Assume the input is an unsorted array (UA) of N elements, where each element is K-bit wide with values ranging from 0 to  $2^K - 1$ , and at most L duplicate elements. The comparison-free sort is divided into 2 phases: counting and indexing.

- 1) Counting: In this stage, a count array (CA) is obtained with  $2^K$  elements, each with a width of  $log_2(L)+1$  to represent the occurrence count of its corresponding input element. Each element in the UA is used as an address to query the CA, and the queried count is incremented by 1. The counting phase is illustrated in Algorithm 1.
- 2) *Indexing*: In this stage, the sorted array (SA) is produced in descending or ascending order according to the configuration. For simplicity, we take the ascending order as an example. CA is indexed in the range from 0 to  $2^K 1$ . If the indexed count is nonzero, the address is recorded in the SA and that count is decremented by 1. If the indexed count is zero, indicating that this address does not exist in the UA, it is skipped. The indexing phase is illustrated in Algorithm 2.

### B. Performance Analysis

Assuming the comparison-free algorithm is configured to sort a maximum of N elements, where  $N=2^K$ , and that one indexing process in the Algorithm 2 takes one clock cycle. There are two scenarios in the algorithm that can lead to inefficient performance.



Fig. 1. The architecture and parameters of resource-efficient design.

- 1) Uneven distribution of sorted values. The performance of the comparison-free algorithm depends on the data distribution. The best case occurs when no duplicate values exist among the N elements. Each count in CA is non-zero, and all indices are valid, allowing the indexing phase to be completed in N cycles. The worst case is that all N elements have the same value. Only one count in CA is non-zero, while the rest are zero, leading to many invalid indices. We define the regions in CA where the count is 0 as sparse regions. Specifically, in Algorithm 2, lines 4-10 iterate N times, and lines 12-14 iterate N-1 times to handle the indexing of sparse regions, resulting in the indexing phase consuming 2N-1 cycles. Considering the counting and indexing phases, the sorting cycles range from 2N to 3N-1. In general, sparse regions in CA result in performance degradation.
- 2) The variability in the number of elements. Variability refers to the difference in the number of elements sorted in each sorting task. In hardware design, it is necessary to support the maximum number of elements an application might encounter, denoted as N. In practice, the number of elements in a sorting task ranges from 1 to N. The sorting cycles of a comparison-free algorithm do not scale linearly with the number of elements. For example, if the input consists of N distinct elements, the indexing phase requires N cycles. However, if the input contains only two elements, the indexing phase still requires N cycles due to invalid indices.
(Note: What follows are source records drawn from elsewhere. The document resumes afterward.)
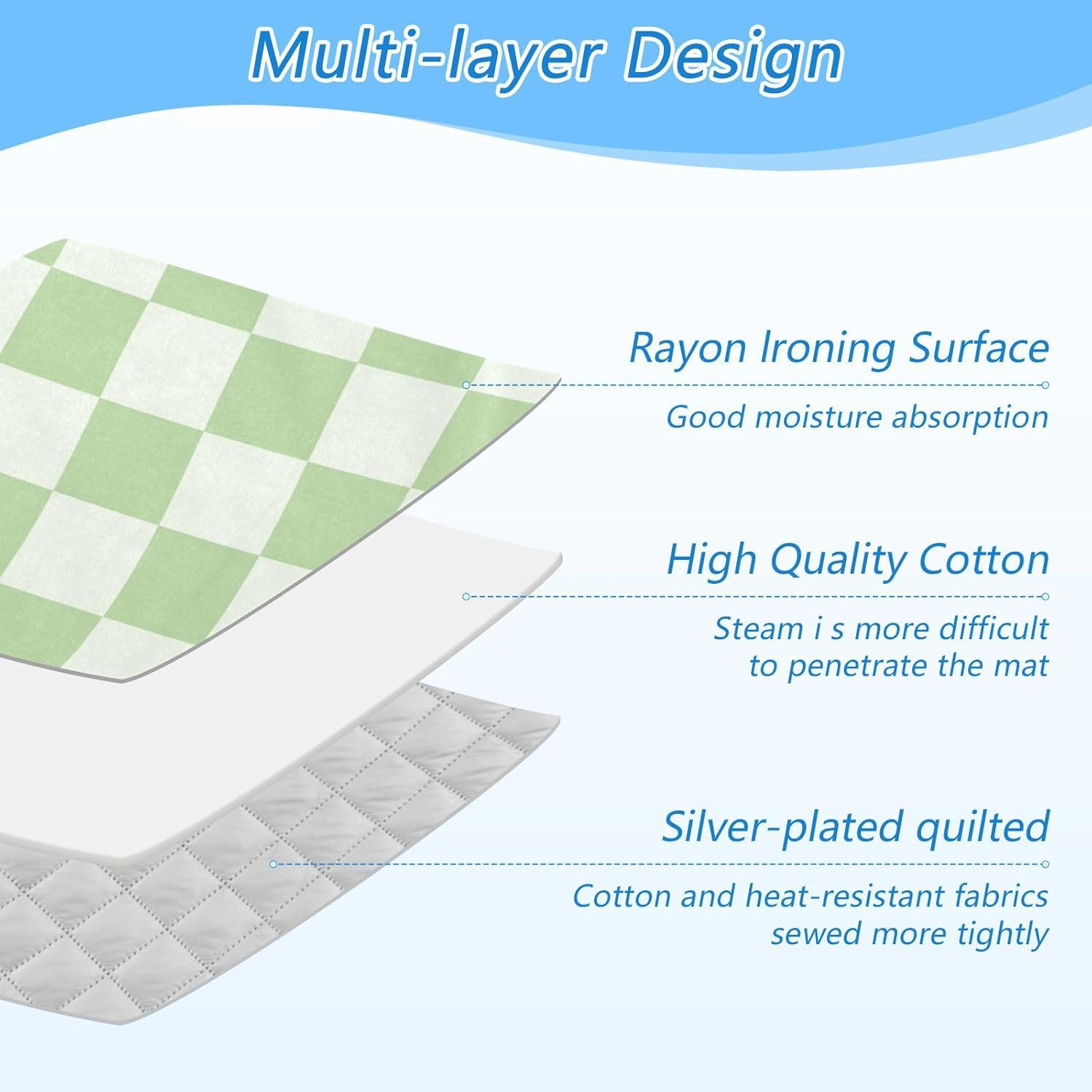 • High Quality:This ironing mat adopts a multi-layer design, with a surface made of Rayon lroning and good moisture absorption. High quality cotton in the middle makes it Steam more difficultto penetrate the mat. The bottom layer is coated with 210 silver-plated quilted, with cotton and heat-resistant fabricssewed more tightly. The ironing pad can be used on both sides, making it more durable
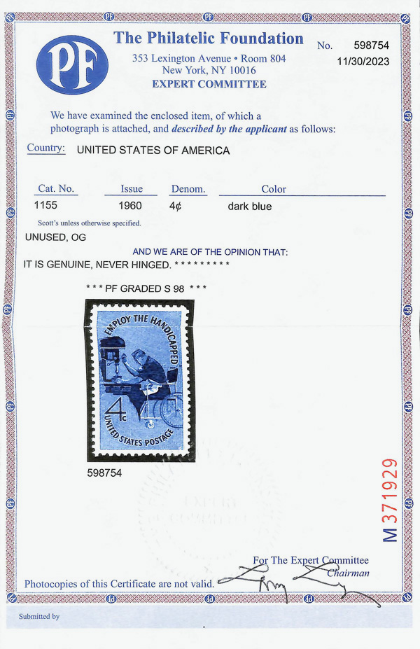 7387 nh 1155 image1960, 4¢ Employ the Handicapped (Scott 1155), o.g., never hinged, Superb, with 2023 P.F. certificate graded SUP 98.
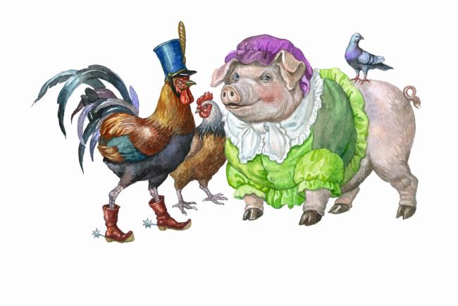 Петуха́ капра́лом назна́чили. Коро́ву ба́рыней назва́ли, свинью́ – суда́рыней, ба́рана – ро́тмистром…
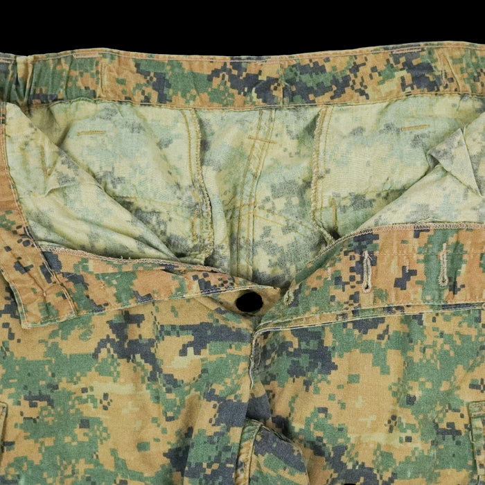 Surplus USMC FROG trousers in Woodland MARPAT camouflage. Features multiple storage pockets and a button fly with elasticated waist. Manufacture date is 2007.

Therefore, variability in the sorting task leads to suboptimal performance.

### III. ACCELERATION STRUCTURE IMPLEMENTATION

This section presents the hardware architecture of OnSort. We propose a resource-efficient design to address performance inefficiency and support larger-scale datasets. Furthermore, we introduce a high-throughput version that enables streaming execution to enhance performance. The details are provided in the following subsections.

### A. Resource-Efficient (RE) Design

The resource-efficient (RE) architecture of OnSort is shown in Fig. 1. The components of OnSort are described as follows.



Fig. 2. An example illustrating the operation of counting phase.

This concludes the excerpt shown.